The task:
Would you retype exactly the lines from the one holding "후 기자회견하는 모습" through the last line of the listing, and only those, without pictures?

-----

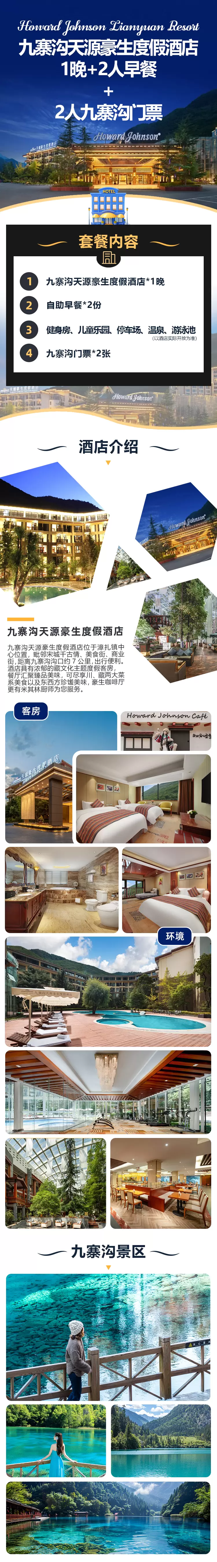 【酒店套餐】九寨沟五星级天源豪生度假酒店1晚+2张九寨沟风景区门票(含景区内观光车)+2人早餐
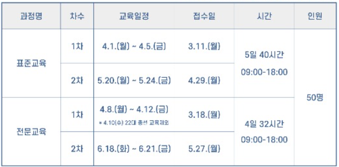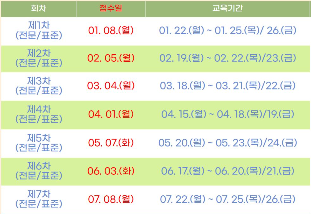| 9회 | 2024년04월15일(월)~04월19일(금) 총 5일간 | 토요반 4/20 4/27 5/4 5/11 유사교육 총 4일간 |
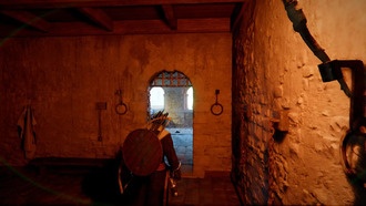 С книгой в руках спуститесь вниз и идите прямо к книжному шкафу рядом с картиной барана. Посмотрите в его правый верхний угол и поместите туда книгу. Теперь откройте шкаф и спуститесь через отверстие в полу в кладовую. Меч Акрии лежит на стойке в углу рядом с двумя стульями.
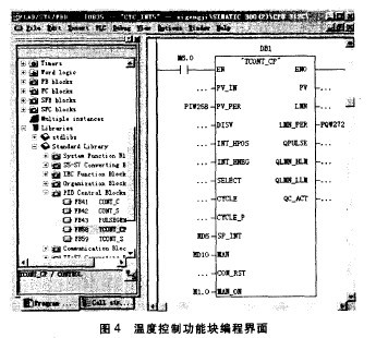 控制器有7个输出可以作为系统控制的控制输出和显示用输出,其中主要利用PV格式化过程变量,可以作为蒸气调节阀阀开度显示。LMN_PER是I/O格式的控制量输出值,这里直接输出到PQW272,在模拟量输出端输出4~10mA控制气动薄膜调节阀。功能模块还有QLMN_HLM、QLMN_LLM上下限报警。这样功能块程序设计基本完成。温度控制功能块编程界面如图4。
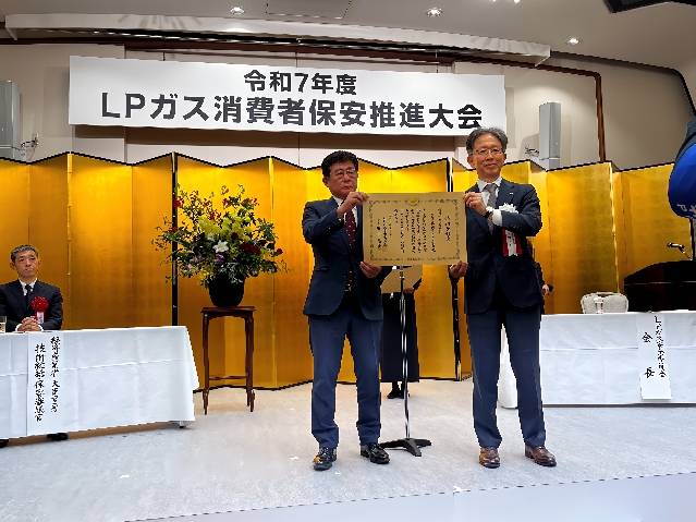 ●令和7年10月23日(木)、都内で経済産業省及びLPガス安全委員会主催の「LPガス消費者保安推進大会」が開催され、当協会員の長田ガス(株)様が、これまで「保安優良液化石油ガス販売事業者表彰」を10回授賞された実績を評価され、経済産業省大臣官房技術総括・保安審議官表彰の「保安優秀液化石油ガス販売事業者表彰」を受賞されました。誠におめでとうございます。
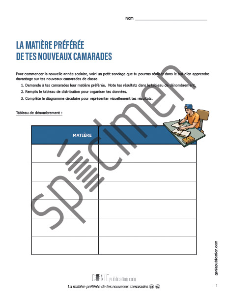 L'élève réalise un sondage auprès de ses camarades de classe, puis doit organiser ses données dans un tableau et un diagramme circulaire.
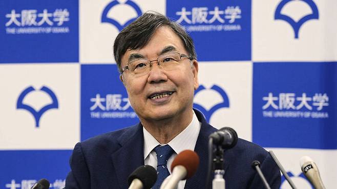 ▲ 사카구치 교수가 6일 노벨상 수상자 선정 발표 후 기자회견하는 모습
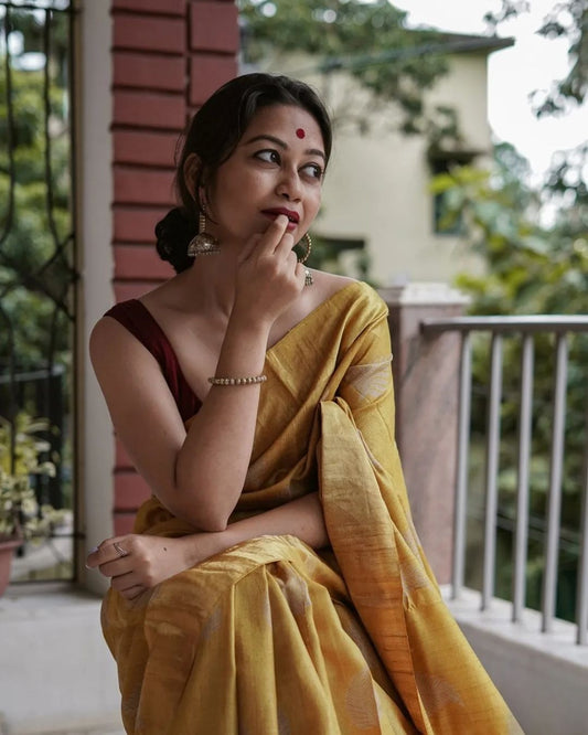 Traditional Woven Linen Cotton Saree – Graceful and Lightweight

-----

Written solution:
 ▲ 사카구치 교수가 6일 노벨상 수상자 선정 발표 후 기자회견하는 모습
 Traditional Woven Linen Cotton Saree – Graceful and Lightweight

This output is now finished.